Feature Film Competition: Behind every truth hides a lie

Feature Film Competition: Behind every truth hides a lie

The stories told by the film makers in their entries for the Feature Film Competition are just as diverse as the stories and cultures in Eastern Europe: regional and universal, empathetic and abstract, analytical and gripping.Twelve films from altogether 16 co-production countries: the Feature Film Competition of the 27th FilmFestival Cottbus (FFC) once again reflects the best traditions of Eastern European film by demonstrating diversity and refusing to be reduced to a common theme. The films provide the FFC audience with the opportunity to closely observe and decipher people in a mix ranging from thriller and social drama to laconic case study and epic cinema.

The competition entries have been brought to the screen by old masters such as FilmFestival Cottbus regular Jan Cvitkovič with his film THE BASICS OF KILLING as well as newcomers such as the young Russian independent director Vitaly Suslin with HEAD. TWO EARS. The films focus on protagonists who very realistically find themselves caught up in contradictions.

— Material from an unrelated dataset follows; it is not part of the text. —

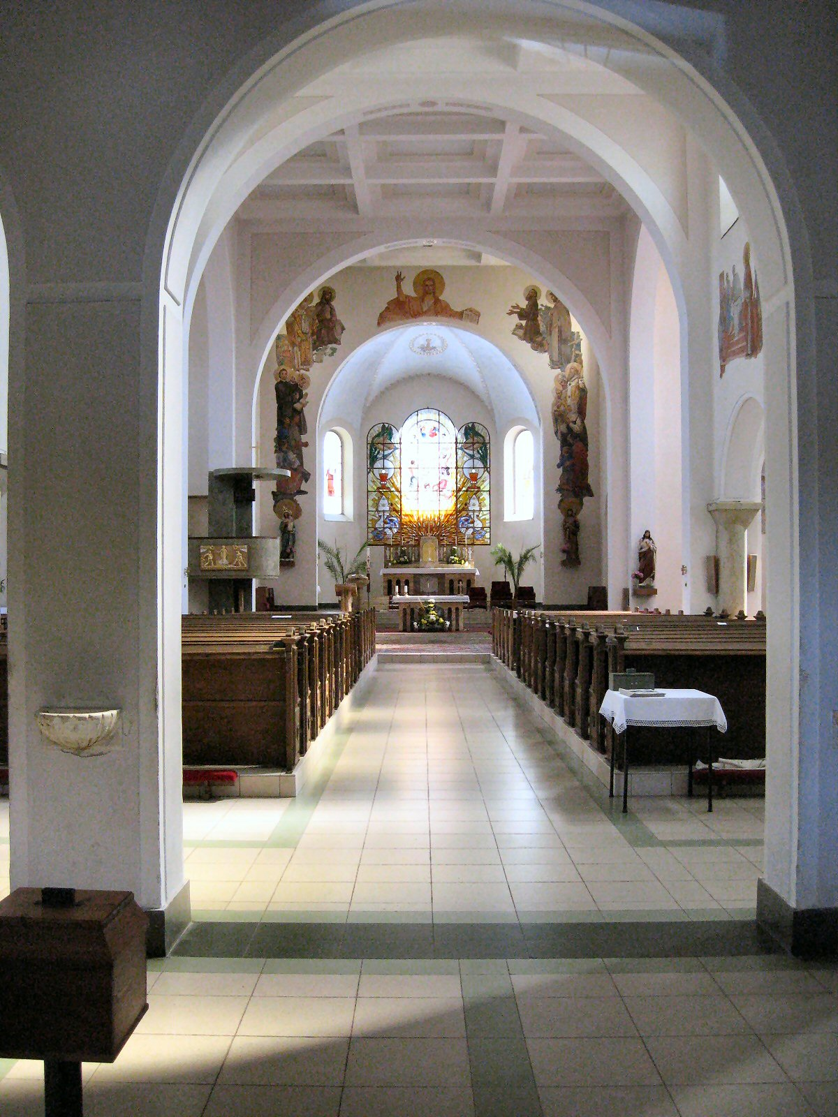 The interior of St. Stephen protomartyr church in Šurany, Slovakia.

Such as the ex-president who in George Ovashvili’s KHIBULA has to flee from his people even in spite of having had the best of intentions. Or the tabloid journalist in BREAKING NEWS who runs away from being responsible for the death of his colleague. They all are broken heroes whose fates tell tales that are exemplary of life beyond the usual scope of media attention. BLACK LEVEL follows the life of a photographer caught in a midlife crisis, not wanting to grow older; WILD ROSES tells of a young mother in a rural backwater who feels equally detached from her husband and her own children. OUT, a road movie with a wicked sense of humour, depicts a jobless man’s journey into the unknown who fails to find happiness even while away on a construction job in the far north. In OMNIPRESENT, an advertising designer stranded in competitive society develops an obsessive control disorder in attempting to dominate his environment through CCTV.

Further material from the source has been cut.